When undertaking this task of comparing voice samples, forensic practitioners might erroneously assume that mobile phone recordings can all be treated in the same way, irrespective of which mobile phone network they originated from. But this is not the case. There are two major mobile phone technologies currently in use today: the Global System for Mobile Communications (GSM) and Code Division Multiple Access (CDMA), and these two technologies are fundamentally different in the way they process speech. One difference, for example, is that the CDMA network incorporates a procedure for reducing the effect of background noise picked up by the sending-end mobile microphone, whereas the GSM network does not. Therefore, the impact of these networks on voice samples is going to be different, which in turn will impact the accuracy of any forensic analysis undertaken.

Having two mobile phone recordings, one for the suspect and another for the offender that originate from different networks represent a typical scenario in forensic case work. This situation is normally referred to as a mismatched condition (see Figure 1). Researchers at the University of Auckland, New Zealand, have conducted a number of experiments to investigate in what ways and to what extent such mismatch conditions can impact the accuracy and precision of a forensic voice comparison. This study used speech samples from 130 speakers, where the voice of each speaker had been recorded on three occasions, separated by one month intervals. This was important in order to account for the variability in a person’s voice which naturally occurs from one occasion to another. In these experiments the suspect and offender speech samples were processed using the same speech codecs as used in the GSM and CDMA networks. Mobile phone networks use these codecs to compress speech in order to minimize the amount of data required for each call. Not only this, the speech codec dynamically interacts with the network and changes its operation in response to changes occurring in the network. The codecs in these experiments were set to operate in a manner similar to what happens in a real, dynamically changing, mobile phone network.

mobile phone

Typical scenario in a forensic case work

The results suggest that the degradation in the accuracy of a forensic analysis under mismatch conditions can be very significant (as high as 150%).
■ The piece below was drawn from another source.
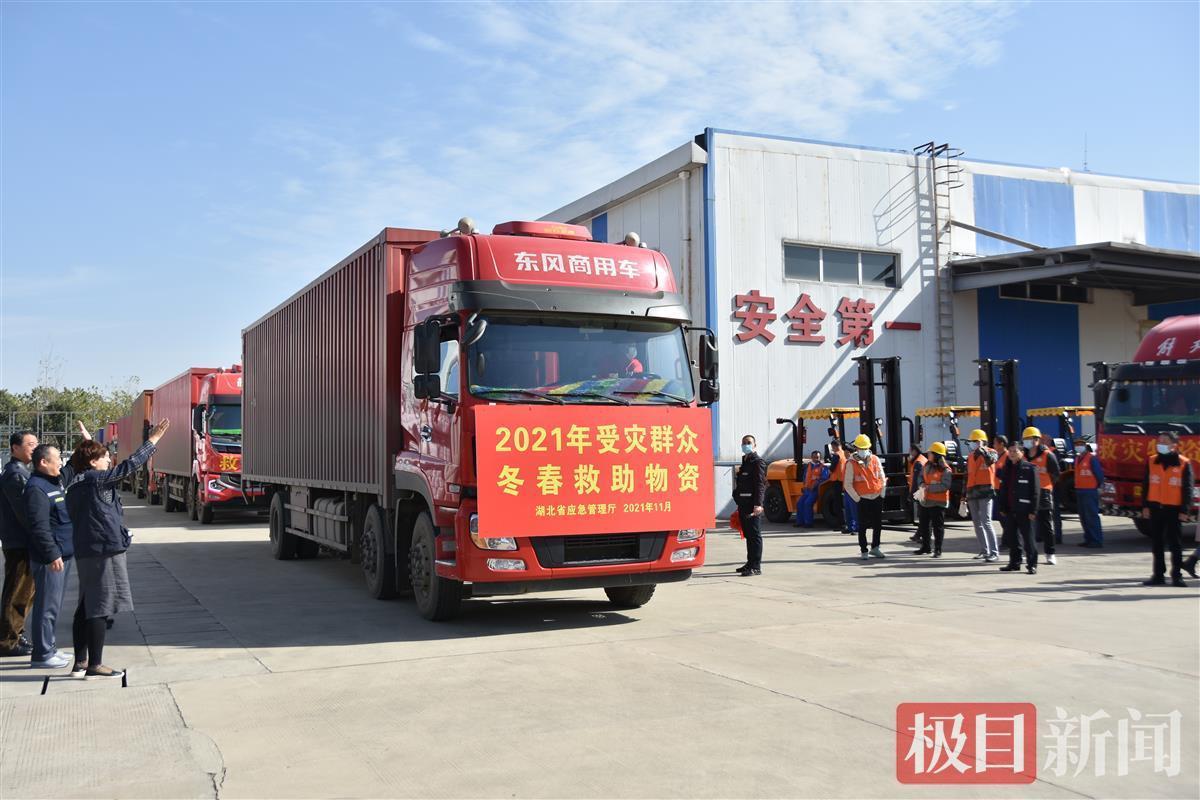 23日,满载救灾物资的数十辆卡车从中央救灾物资武汉储备库和宜昌、咸宁、恩施、十堰、荆州、襄阳等6个省级救灾物资储备分库驶出,宣告湖北省冬春救助工作正式启动。

Surprisingly, though, these results also suggest that the precision of a forensic analysis might actually improve. Nonetheless, precise but inaccurate results are clearly undesirable. The researchers have proposed a strategy for lessening the impact of mismatch by passing the suspect’s speech samples through the same speech codec as the offender’s (i.e., either GSM or CDMA) prior to forensic analysis. This strategy has been shown to improve the accuracy of a forensic analysis by about 70%, but performance is still not as good as analysis under matched conditions.